Collected data entries:
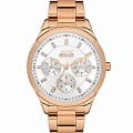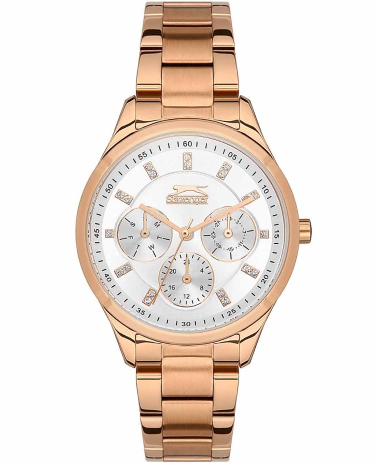 Часы Slazenger SL.09.2151.4.02 — это элегантный аксессуар, который прекрасно дополнит женственный образ. Эти наручные кварцевые часы сочетают в себе стиль и функциональность. Круглый корпус диаметром 35 мм изготовлен из суперметалла с золотистым IP-покрытиемIP-покрытиеМетод ионного напыления. Демонстрирует повышенную устойчивость к истиранию, окислению и химическим веществам. Под воздействием высокого давления и температуры около 1500°C молекулы металла надёжно соединяются с частицами корпуса часов., который отличается повышенной прочностью. Белый циферблат выполнен по технологии Sunray, что создает эффект солнечных лучей, и украшен фианитами, придающими часам особую изысканность. На циферблате расположены метки в виде штрихов и точек, а также логотип бренда. Время отображается в 12- и 24-часовом формате, а также предусмотрены отдельные индикаторы для дня недели и числа. Минеральное стеклоМинеральное стеклоМинеральное стекло представляет собой искусственно выращенный минерал кварца. Такое стекло отличается особой устойчивостью к повреждениям и царапинам. Уступает по некоторым качествам сапфировому стеклу. обеспечивает надежную защиту от царапин. Водозащита уровня 30WR позволяет защищать часы от случайных попаданий воды. Металлический браслет с золотистым IP-покрытиемIP-покрытиеМетод ионного напыления. Демонстрирует повышенную устойчивость к истиранию, окислению и химическим веществам. Под воздействием высокого давления и температуры около 1500°C молекулы металла надёжно соединяются с частицами корпуса часов. и раскладной застёжкойРаскладная застёжкаТакой тип застёжки используется только на браслетах из металла. Она никогда не раскрывается полностью, происходит разделение на 2 и более частей. Раскладывающая застёжка снизит вероятность потери часов к минимуму. гарантирует комфортное ношение и надежную фиксацию на запястье. Рифленая заводная головка добавляет удобства в управлении настройками. Эти часы станут идеальным выбором для тех, кто ценит сочетание классического дизайна и практичности.
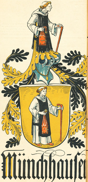 Münchhausen In Gold ein schreitender, halbrechts gekehrter Mönch in silberner Kutte, mit schwarzem Scapulier und mit silberner hinten herabhängender Kapuze, in der Linken einen oben gekrümmten roten Stab (Hirtenstab) haltend, in der Rechten ein Brevier haltend in rotem Futteral mit goldenen Verzierungen, auf dem ungekrönten Helm mit golden-schwarzen Decken wachsend ein Mönch in silberner Kutte, mit schwarzem Scapulier und mit silberner hinten herabhängender Kapuze, in der Linken einen oben gekrümmten roten Stab (Hirtenstab) haltend, in der Rechten ein Brevier haltend in rotem Futteral mit goldenen Verzierungen. |
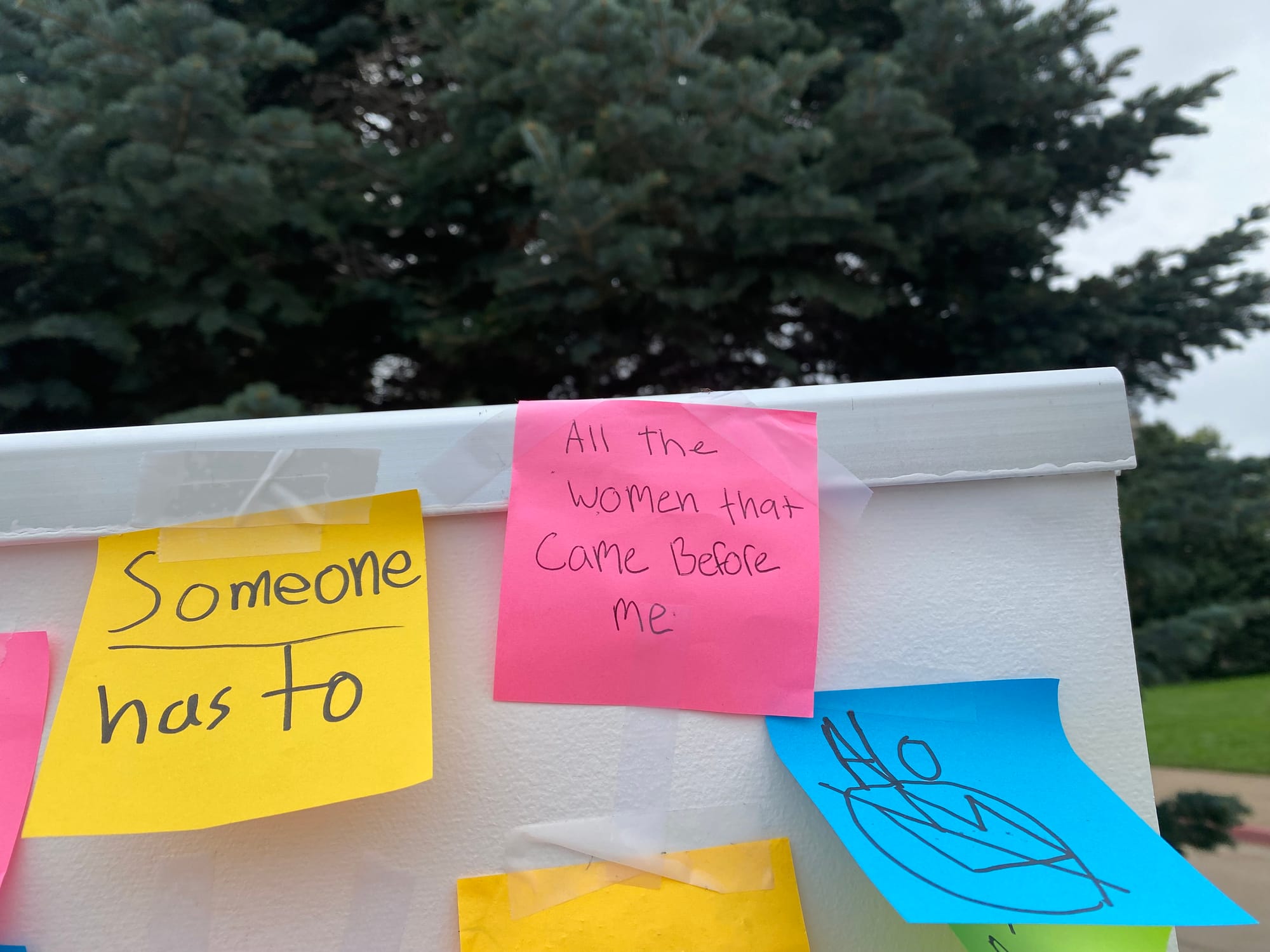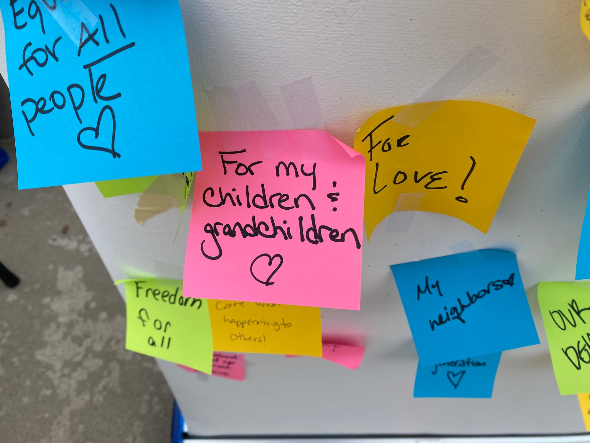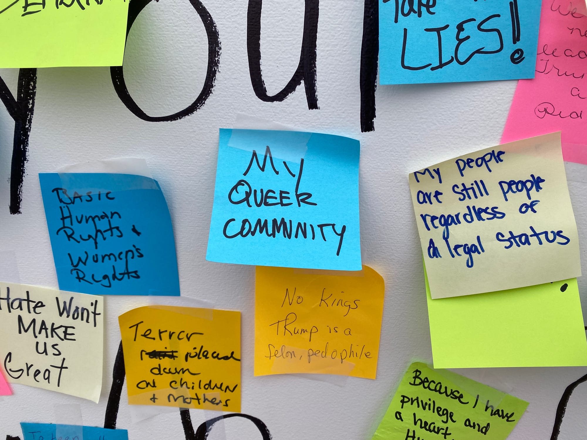 The organizers also set up a little wall near the Capitol steps and asked people to write down why they'd shown up. Most answers were loving and inspiring or both. ("My children & grandchildren" or "My queer community" or "All the women that came before me.")
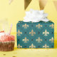 Belo brilho dourado brilhante, estilo medieval, fleur de lis, papel de enrolamento com padrão em fundo de terra profundo. Adicione elegância e classe à sua apresentação de presente. Adequado para todas as ocasiões.
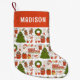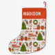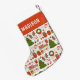 Groovy Hippie Retro Merry Christmas Santa Funny Personalised Name Stockings features a colourful vintage Christmas themed icons such as Santa Claus, Christmas trees, gingerbread people, wreaths, gifts and the text "Merry Christmas and happy New Year" in modern red script typography.Perfect for Christmas gifts and holiday decor. Designed by ©Evco Holidays www.zazzle.com/store/evcoholidays
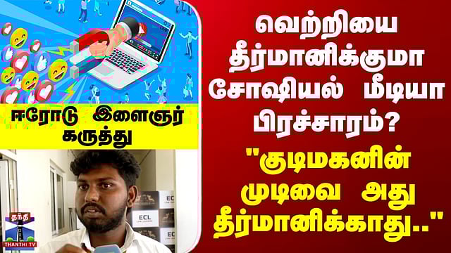 #ThanthiStreetInterviews | #SocailMedia | #Campaign | #ThanthiTV Street Interview | வெற்றியை தீர்மானிக்குமா சோஷியல் மீடியா பிரச்சாரம்? - "குடிமகனின் முடிவை இணையதளம் தீர்மானிக்காது.." - ஈரோடு இளைஞர் கருத்து முன்பு இல்லாத அளவிற்கு அரசியலில் சமூக வலைதளங்கள் ஆதிக்கம் செலுத்தி வரும் நிலையில், அவற்றின் வழியாக மேற்கொள்ளப்படும் பிரச்சாரங்கள், வெற்றிக்கு உதவுமா என்று மக்கள் குரல் பகுதியில் எழுப்பப்பட்ட கேள்விகளுக்கு, ஈரோடு மக்கள் தெரிவித்த கருத்துக்களைப் பார்க்கலாம்...
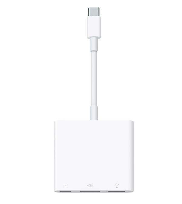Wieloportowa przejściówka z USBC na cyfrowe AV pozwala podłączyć Maca, iPada lub iPhonea z portem USBC do monitora HDMI przy jednoczesnym podłączeniu standardowego urządzenia USB i przewodu zasilającego USBC.
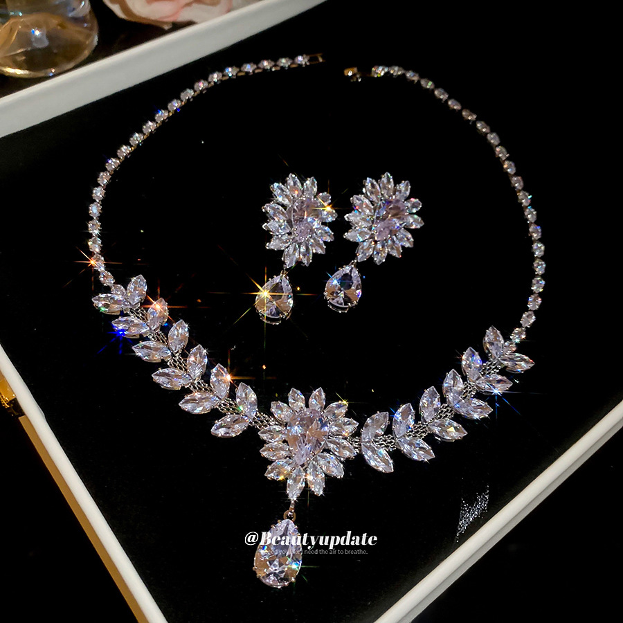 AliExpress cross-border popular Korean style 3A water drop pendant zircon necklace earrings simple casual bridal jewelry suit
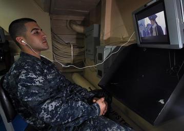 | Keywords: Sailors hang out, call home in ships library DVIDS319413.jpg en Seaman Richard Aguero from Miami watches a movie in the learning multimedia resource center during his off-duty hours aboard the aircraft carrier USS George Washington The LRMC provides Sailors with telephones computers a movie lounge and a library George Washington the Navy's only permanently forward-deployed aircraft carrier is underway ensuring security and stability in the western Pacific Ocean 2010-09-15 Seaman Charles Oki https //www dvidshub net/image/319413 100915-N-+++++-010 2010-09-16 17 04 USS GEORGE WASHINGTON AT SEA PD-USGov-Military-Navy USS George Washington CVN-73 Images from DoD uploaded by Fæ |
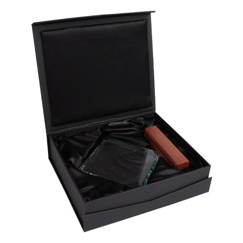 Elegante Trofeo modelo "Fischer", base de madera barnizada y cuerpo de cristal. Presentación en caja de cartón forrado negro con cierre imantado, interior acolchado de espuma y tela poliéster satinado negro, con troquel.
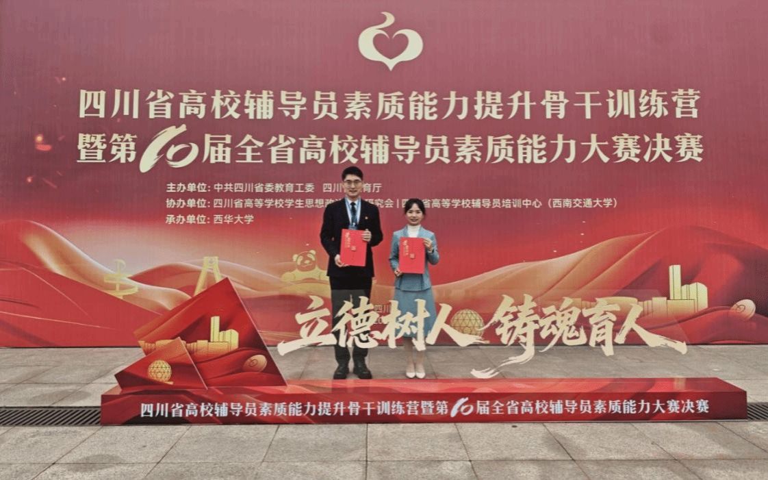 大赛由中共四川省委教育工委、四川省教育厅主办,来自全省125所高校的166名辅导员参赛。比赛分基础知识测试、学情分析、案例研讨、谈心谈话四个环节,全面考察辅导员的理论水平、专业素养和分析解决实际问题的能力。赛前,在学校党委关心和指导下,学工部、心理中心和相关学院精心组织、密切配合,邀请校内外专家进行全过程指导培训。比赛中,王鑫、薛静两位老师沉着应对,充分展示了我校辅导员昂扬的精神风貌和深厚的专业功底。

▸ Requirement:
Write out every entry exactly. Pictures do not belong in the copy.

▸ The completed task:
 Часы Slazenger SL.09.2151.4.02 — это элегантный аксессуар, который прекрасно дополнит женственный образ. Эти наручные кварцевые часы сочетают в себе стиль и функциональность. Круглый корпус диаметром 35 мм изготовлен из суперметалла с золотистым IP-покрытиемIP-покрытиеМетод ионного напыления. Демонстрирует повышенную устойчивость к истиранию, окислению и химическим веществам. Под воздействием высокого давления и температуры около 1500°C молекулы металла надёжно соединяются с частицами корпуса часов., который отличается повышенной прочностью. Белый циферблат выполнен по технологии Sunray, что создает эффект солнечных лучей, и украшен фианитами, придающими часам особую изысканность. На циферблате расположены метки в виде штрихов и точек, а также логотип бренда. Время отображается в 12- и 24-часовом формате, а также предусмотрены отдельные индикаторы для дня недели и числа. Минеральное стеклоМинеральное стеклоМинеральное стекло представляет собой искусственно выращенный минерал кварца. Такое стекло отличается особой устойчивостью к повреждениям и царапинам. Уступает по некоторым качествам сапфировому стеклу. обеспечивает надежную защиту от царапин. Водозащита уровня 30WR позволяет защищать часы от случайных попаданий воды. Металлический браслет с золотистым IP-покрытиемIP-покрытиеМетод ионного напыления. Демонстрирует повышенную устойчивость к истиранию, окислению и химическим веществам. Под воздействием высокого давления и температуры около 1500°C молекулы металла надёжно соединяются с частицами корпуса часов. и раскладной застёжкойРаскладная застёжкаТакой тип застёжки используется только на браслетах из металла. Она никогда не раскрывается полностью, происходит разделение на 2 и более частей. Раскладывающая застёжка снизит вероятность потери часов к минимуму. гарантирует комфортное ношение и надежную фиксацию на запястье. Рифленая заводная головка добавляет удобства в управлении настройками. Эти часы станут идеальным выбором для тех, кто ценит сочетание классического дизайна и практичности.
 Münchhausen In Gold ein schreitender, halbrechts gekehrter Mönch in silberner Kutte, mit schwarzem Scapulier und mit silberner hinten herabhängender Kapuze, in der Linken einen oben gekrümmten roten Stab (Hirtenstab) haltend, in der Rechten ein Brevier haltend in rotem Futteral mit goldenen Verzierungen, auf dem ungekrönten Helm mit golden-schwarzen Decken wachsend ein Mönch in silberner Kutte, mit schwarzem Scapulier und mit silberner hinten herabhängender Kapuze, in der Linken einen oben gekrümmten roten Stab (Hirtenstab) haltend, in der Rechten ein Brevier haltend in rotem Futteral mit goldenen Verzierungen. |
 The organizers also set up a little wall near the Capitol steps and asked people to write down why they'd shown up. Most answers were loving and inspiring or both. ("My children & grandchildren" or "My queer community" or "All the women that came before me.")
 Belo brilho dourado brilhante, estilo medieval, fleur de lis, papel de enrolamento com padrão em fundo de terra profundo. Adicione elegância e classe à sua apresentação de presente. Adequado para todas as ocasiões.
 Groovy Hippie Retro Merry Christmas Santa Funny Personalised Name Stockings features a colourful vintage Christmas themed icons such as Santa Claus, Christmas trees, gingerbread people, wreaths, gifts and the text "Merry Christmas and happy New Year" in modern red script typography.Perfect for Christmas gifts and holiday decor. Designed by ©Evco Holidays www.zazzle.com/store/evcoholidays
 #ThanthiStreetInterviews | #SocailMedia | #Campaign | #ThanthiTV Street Interview | வெற்றியை தீர்மானிக்குமா சோஷியல் மீடியா பிரச்சாரம்? - "குடிமகனின் முடிவை இணையதளம் தீர்மானிக்காது.." - ஈரோடு இளைஞர் கருத்து முன்பு இல்லாத அளவிற்கு அரசியலில் சமூக வலைதளங்கள் ஆதிக்கம் செலுத்தி வரும் நிலையில், அவற்றின் வழியாக மேற்கொள்ளப்படும் பிரச்சாரங்கள், வெற்றிக்கு உதவுமா என்று மக்கள் குரல் பகுதியில் எழுப்பப்பட்ட கேள்விகளுக்கு, ஈரோடு மக்கள் தெரிவித்த கருத்துக்களைப் பார்க்கலாம்...
Wieloportowa przejściówka z USBC na cyfrowe AV pozwala podłączyć Maca, iPada lub iPhonea z portem USBC do monitora HDMI przy jednoczesnym podłączeniu standardowego urządzenia USB i przewodu zasilającego USBC.
 AliExpress cross-border popular Korean style 3A water drop pendant zircon necklace earrings simple casual bridal jewelry suit
 | Keywords: Sailors hang out, call home in ships library DVIDS319413.jpg en Seaman Richard Aguero from Miami watches a movie in the learning multimedia resource center during his off-duty hours aboard the aircraft carrier USS George Washington The LRMC provides Sailors with telephones computers a movie lounge and a library George Washington the Navy's only permanently forward-deployed aircraft carrier is underway ensuring security and stability in the western Pacific Ocean 2010-09-15 Seaman Charles Oki https //www dvidshub net/image/319413 100915-N-+++++-010 2010-09-16 17 04 USS GEORGE WASHINGTON AT SEA PD-USGov-Military-Navy USS George Washington CVN-73 Images from DoD uploaded by Fæ |
 Elegante Trofeo modelo "Fischer", base de madera barnizada y cuerpo de cristal. Presentación en caja de cartón forrado negro con cierre imantado, interior acolchado de espuma y tela poliéster satinado negro, con troquel.
 大赛由中共四川省委教育工委、四川省教育厅主办,来自全省125所高校的166名辅导员参赛。比赛分基础知识测试、学情分析、案例研讨、谈心谈话四个环节,全面考察辅导员的理论水平、专业素养和分析解决实际问题的能力。赛前,在学校党委关心和指导下,学工部、心理中心和相关学院精心组织、密切配合,邀请校内外专家进行全过程指导培训。比赛中,王鑫、薛静两位老师沉着应对,充分展示了我校辅导员昂扬的精神风貌和深厚的专业功底。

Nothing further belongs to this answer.